Market Review And Update

Last week’s newsletter discussed the ongoing bullish trend of the market. To wit:

“The current bullish stampede is very similar to what we saw from March to July last year. At that time, it was the chase for “A.I.” that was driving the market while the majority of stocks dragged. The market remained overbought, trading in a defined trend channel as prices advanced. Then, the markets corrected by 10% into October, which is typical for any given year.”

Today, we again see that same “unstoppable advance” with the same bifurcation in the market. While the “Magnificent 7” stocks again drive the markets, another 5-10% correction over the next several months should be no surprise. Such is particularly the case as we approach the upcoming Presidential election, where market participants may want to reduce exposure to offset potential election risks.

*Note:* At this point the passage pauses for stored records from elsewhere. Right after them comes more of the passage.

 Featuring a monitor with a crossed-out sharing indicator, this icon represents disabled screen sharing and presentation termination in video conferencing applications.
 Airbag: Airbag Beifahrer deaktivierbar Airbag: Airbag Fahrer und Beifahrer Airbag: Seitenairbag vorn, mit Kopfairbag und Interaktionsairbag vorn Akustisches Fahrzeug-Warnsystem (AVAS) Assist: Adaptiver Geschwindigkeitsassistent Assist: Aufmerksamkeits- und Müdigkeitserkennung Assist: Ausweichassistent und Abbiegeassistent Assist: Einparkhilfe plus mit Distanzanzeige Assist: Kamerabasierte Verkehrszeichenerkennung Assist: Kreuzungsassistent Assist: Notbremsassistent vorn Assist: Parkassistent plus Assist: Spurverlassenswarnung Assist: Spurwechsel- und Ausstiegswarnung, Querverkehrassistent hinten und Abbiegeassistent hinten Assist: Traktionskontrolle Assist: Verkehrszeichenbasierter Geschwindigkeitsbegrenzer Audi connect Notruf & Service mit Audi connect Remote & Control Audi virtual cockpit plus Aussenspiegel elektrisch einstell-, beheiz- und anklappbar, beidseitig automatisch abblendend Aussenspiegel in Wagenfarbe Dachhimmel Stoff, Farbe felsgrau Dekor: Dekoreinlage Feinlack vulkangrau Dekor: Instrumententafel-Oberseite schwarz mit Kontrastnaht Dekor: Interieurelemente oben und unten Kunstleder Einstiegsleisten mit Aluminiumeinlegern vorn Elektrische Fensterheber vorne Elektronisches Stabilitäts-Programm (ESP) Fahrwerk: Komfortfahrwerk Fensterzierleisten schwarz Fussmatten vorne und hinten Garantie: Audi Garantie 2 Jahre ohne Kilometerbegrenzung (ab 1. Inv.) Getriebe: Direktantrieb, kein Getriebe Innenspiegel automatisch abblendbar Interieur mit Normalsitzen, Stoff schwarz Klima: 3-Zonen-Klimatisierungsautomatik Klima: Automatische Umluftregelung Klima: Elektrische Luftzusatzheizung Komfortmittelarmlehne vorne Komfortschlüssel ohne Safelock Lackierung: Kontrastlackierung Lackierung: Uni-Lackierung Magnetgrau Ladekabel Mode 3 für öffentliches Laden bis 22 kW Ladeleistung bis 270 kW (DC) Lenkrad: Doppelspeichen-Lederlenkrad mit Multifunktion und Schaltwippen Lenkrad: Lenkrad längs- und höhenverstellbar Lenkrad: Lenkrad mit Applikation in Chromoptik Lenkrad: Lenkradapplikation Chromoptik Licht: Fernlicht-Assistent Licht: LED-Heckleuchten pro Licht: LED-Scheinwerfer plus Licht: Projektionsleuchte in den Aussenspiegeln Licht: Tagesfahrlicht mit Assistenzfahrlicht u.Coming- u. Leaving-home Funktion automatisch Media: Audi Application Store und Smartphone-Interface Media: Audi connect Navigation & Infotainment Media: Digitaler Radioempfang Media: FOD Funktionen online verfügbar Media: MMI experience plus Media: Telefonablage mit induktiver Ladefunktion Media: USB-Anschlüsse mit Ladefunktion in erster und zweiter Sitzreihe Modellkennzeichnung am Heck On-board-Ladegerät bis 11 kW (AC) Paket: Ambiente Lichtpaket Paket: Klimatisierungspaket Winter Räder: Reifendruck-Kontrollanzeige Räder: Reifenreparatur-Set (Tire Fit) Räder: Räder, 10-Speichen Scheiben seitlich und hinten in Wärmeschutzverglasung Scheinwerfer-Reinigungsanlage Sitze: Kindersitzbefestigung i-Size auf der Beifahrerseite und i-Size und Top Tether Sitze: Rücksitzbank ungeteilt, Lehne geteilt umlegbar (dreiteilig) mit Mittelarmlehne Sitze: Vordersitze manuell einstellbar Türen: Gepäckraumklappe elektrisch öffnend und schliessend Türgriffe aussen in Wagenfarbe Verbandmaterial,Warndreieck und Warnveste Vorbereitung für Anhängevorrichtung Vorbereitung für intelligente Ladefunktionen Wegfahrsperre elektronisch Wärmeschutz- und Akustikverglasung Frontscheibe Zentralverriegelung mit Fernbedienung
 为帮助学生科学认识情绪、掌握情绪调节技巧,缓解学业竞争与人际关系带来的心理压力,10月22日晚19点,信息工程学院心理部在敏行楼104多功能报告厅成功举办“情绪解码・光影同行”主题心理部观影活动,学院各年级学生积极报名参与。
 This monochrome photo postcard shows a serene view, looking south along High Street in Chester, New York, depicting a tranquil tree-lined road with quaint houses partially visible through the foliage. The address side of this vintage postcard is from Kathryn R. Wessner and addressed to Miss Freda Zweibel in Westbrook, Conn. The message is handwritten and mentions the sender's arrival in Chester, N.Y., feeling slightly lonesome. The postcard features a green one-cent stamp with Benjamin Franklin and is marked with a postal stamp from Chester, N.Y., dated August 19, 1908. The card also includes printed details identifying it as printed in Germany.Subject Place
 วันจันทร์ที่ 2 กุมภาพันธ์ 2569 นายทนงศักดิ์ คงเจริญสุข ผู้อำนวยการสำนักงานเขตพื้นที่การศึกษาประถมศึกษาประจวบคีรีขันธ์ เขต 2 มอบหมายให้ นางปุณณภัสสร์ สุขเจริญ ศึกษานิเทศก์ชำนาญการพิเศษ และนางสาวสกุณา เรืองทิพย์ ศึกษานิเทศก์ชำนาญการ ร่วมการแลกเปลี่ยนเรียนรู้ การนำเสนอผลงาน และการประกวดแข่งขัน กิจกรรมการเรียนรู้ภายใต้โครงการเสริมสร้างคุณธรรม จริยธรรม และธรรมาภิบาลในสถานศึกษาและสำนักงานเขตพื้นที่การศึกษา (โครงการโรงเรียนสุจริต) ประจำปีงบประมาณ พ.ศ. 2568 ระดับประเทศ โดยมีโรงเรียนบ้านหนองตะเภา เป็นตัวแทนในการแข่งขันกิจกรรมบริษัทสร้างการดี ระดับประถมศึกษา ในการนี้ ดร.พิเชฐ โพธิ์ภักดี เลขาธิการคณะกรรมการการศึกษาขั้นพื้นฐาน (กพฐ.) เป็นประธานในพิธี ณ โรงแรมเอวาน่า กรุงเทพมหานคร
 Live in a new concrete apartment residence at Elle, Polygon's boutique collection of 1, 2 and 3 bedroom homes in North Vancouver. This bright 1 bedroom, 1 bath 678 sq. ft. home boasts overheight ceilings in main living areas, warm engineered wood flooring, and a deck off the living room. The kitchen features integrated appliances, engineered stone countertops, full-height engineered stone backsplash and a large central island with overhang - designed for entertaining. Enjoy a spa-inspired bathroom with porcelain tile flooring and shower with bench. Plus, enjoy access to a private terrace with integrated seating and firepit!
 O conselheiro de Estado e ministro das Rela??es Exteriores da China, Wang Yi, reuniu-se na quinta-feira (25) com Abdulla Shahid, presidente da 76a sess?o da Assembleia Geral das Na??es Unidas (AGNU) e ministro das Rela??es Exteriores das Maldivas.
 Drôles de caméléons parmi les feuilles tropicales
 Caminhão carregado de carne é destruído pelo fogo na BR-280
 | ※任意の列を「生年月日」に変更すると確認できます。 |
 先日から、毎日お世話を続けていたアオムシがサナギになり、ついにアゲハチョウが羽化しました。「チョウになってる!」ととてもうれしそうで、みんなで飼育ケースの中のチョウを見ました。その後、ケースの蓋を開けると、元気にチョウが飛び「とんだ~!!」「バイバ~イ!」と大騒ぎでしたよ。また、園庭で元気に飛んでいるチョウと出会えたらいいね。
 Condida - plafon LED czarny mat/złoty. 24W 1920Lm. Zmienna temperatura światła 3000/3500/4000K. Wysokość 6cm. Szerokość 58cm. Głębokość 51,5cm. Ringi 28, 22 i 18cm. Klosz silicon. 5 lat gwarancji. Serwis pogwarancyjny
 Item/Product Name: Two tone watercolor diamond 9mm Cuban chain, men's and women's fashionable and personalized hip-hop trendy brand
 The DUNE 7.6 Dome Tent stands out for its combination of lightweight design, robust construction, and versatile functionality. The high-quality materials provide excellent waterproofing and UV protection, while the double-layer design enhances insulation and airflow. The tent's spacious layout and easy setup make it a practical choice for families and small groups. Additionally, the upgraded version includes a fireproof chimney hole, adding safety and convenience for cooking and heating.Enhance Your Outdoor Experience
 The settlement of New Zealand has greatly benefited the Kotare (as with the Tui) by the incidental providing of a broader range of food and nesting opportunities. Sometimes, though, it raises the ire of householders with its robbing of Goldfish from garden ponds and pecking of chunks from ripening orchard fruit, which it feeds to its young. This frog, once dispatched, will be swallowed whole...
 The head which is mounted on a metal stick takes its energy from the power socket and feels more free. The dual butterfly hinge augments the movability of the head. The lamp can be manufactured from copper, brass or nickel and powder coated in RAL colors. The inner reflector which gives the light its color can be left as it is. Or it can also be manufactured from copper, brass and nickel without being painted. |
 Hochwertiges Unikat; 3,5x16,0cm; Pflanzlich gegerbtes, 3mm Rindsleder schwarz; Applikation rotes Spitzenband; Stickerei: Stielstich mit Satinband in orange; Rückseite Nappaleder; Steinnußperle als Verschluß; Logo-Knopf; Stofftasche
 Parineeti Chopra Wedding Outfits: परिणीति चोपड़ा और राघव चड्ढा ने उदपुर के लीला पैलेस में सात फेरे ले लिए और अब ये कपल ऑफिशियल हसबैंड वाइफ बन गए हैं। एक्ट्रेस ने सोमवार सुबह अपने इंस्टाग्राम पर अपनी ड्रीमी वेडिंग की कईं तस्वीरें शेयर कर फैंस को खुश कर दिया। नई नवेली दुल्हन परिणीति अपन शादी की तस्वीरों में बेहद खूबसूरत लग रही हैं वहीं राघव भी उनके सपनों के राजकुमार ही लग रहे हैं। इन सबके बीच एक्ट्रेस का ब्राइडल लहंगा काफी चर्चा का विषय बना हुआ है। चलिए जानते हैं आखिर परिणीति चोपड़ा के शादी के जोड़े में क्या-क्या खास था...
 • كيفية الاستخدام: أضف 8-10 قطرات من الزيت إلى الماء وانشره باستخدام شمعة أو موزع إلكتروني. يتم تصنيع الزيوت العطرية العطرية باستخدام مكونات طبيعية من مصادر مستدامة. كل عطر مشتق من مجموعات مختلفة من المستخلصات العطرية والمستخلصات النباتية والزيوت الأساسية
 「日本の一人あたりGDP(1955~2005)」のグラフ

That unstoppable advance, driven by the mega-capitalization stocks on Friday, topped the psychological 5000 level on the index. With the strong momentum carrying that particular group of stocks, the index will likely try to push higher over the next few days. However, as shown, the market is back to more extreme overbought levels, and bullish sentiment has reached “greed.”

Market Trading Update

Most notably, the deviation between the index and the 200-DMA is getting rather extreme, which has typically preceded short-term corrections. As discussed in this week’s newsletter, those extensions and deteriorating internals suggest we should begin rebalancing portfolio risk.

While we are highly confident that a correction is coming, the timing of that event is uncertain. As such, we must maintain exposure to garner performance while we can. However, once signals are triggered, we will become more aggressive in the risk reduction process.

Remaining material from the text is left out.